## Definition of hypotheses

A hypothesis is a statement about a population parameter.

$H_0: \theta \in \Theta_0 \text{ and } H_1: \theta \in \Theta_1$

Often $$\Theta_1 = \Theta_0^C$$.

### Types of hypotheses

#### Simple hypothesis

$H_0: \theta = \theta_0$

#### Composite hypothesis

When the hypothesis is not simple.

### Types of hypothesis test

#### Simple

$H_0: \theta = \theta_0 \text{ and } H_1: \theta = \theta_1$

#### Composite

##### One-side

$H_0: \theta \leq \theta_0 \text{ and } H_1: \theta > \theta_0$

or

$H_0: \theta \geq \theta_0 \text{ and } H_1: \theta > \theta_0$

##### Two-sides

$H_0: \theta = \theta_0 \text{ and } H_1: \theta \neq \theta_0$

That is, under $$H_1$$, $$\theta = (\theta_1,\dotsc,\theta_m,\theta_{m+1},\dotsc,\theta_{m+p})$$ and under $$H_0$$, $$\theta = (\theta_1,\dotsc,\theta_m,\theta_{m+1}=\theta_{0,1},\dotsc,\theta_{m+p}=\theta_{0,p})$$.

## Action space

$$\mathcal{A} = \{ a_0, a_1\}$$ where $$a_0$$ represents choosing $$H_0$$ and $$a_1$$ represents choosing $$H_1$$

## Decision rule

In the context of hypothesis testing, a decision rule is called hypothesis test and it is defined by the sample values $$x$$ for which we accept or reject $$H_0$$. The sample values for which we reject $$H_0$$ is called the rejection region $$R$$.
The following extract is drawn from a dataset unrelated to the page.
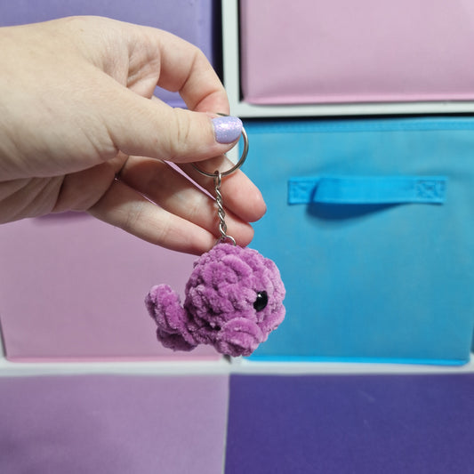 Pink and purple multicoloured mini whale acrylic yarn crochet keyring

$$d(x) = \left\{ \begin{array}{ll} a_0 \ if \ x \not\in R \\ a_1 \ if \ x \in R \\ \end{array} \right.$$

The rejection region is often specified by establishing a criterium on a test statistic $$W(x)$$ (function of the sample):

$R=\{x: W(x)<c\}$

A common method to find a test statistic is the likelihood ratio. To completely specify $$R$$, we need $$c$$ which can be obtained by setting the probabilities of making mistakes.

### Example

$$d(x) = \left\{ \begin{array}{ll} a_0 \ if \ \overline{x} \leq 4.3 \\ a_1 \ if \ \overline{x} > 4.3 \\ \end{array} \right.$$

## Evaluating tests (probabilities of making mistakes)
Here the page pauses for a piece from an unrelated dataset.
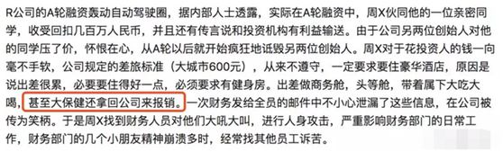 基金君扒了一下采访中的匿名帖,该贴中详细列举了周光6大罪状,不仅称其出差做商务舱,头等舱,带着下属大吃大喝, 甚至还具体至“报销大保健”等细节。

Type I error: $$H_0$$ is true $$(\theta \in \Theta_0)$$ and $$a=a_1$$.

Type II error: $$H_1$$ is true $$(\theta \in \Theta_1)$$ and $$a=a_0$$.

There are 4 interesting probabilities:

$$P(a_1 | H_0) = P (Type \,I\, error)$$

$$P(a_1 | H_1)$$

$$P(a_0 | H_0)$$

$$P(a_0 | H_1) = P (Type \, II \, error)$$

### Power function of a test (power function of a rejection region)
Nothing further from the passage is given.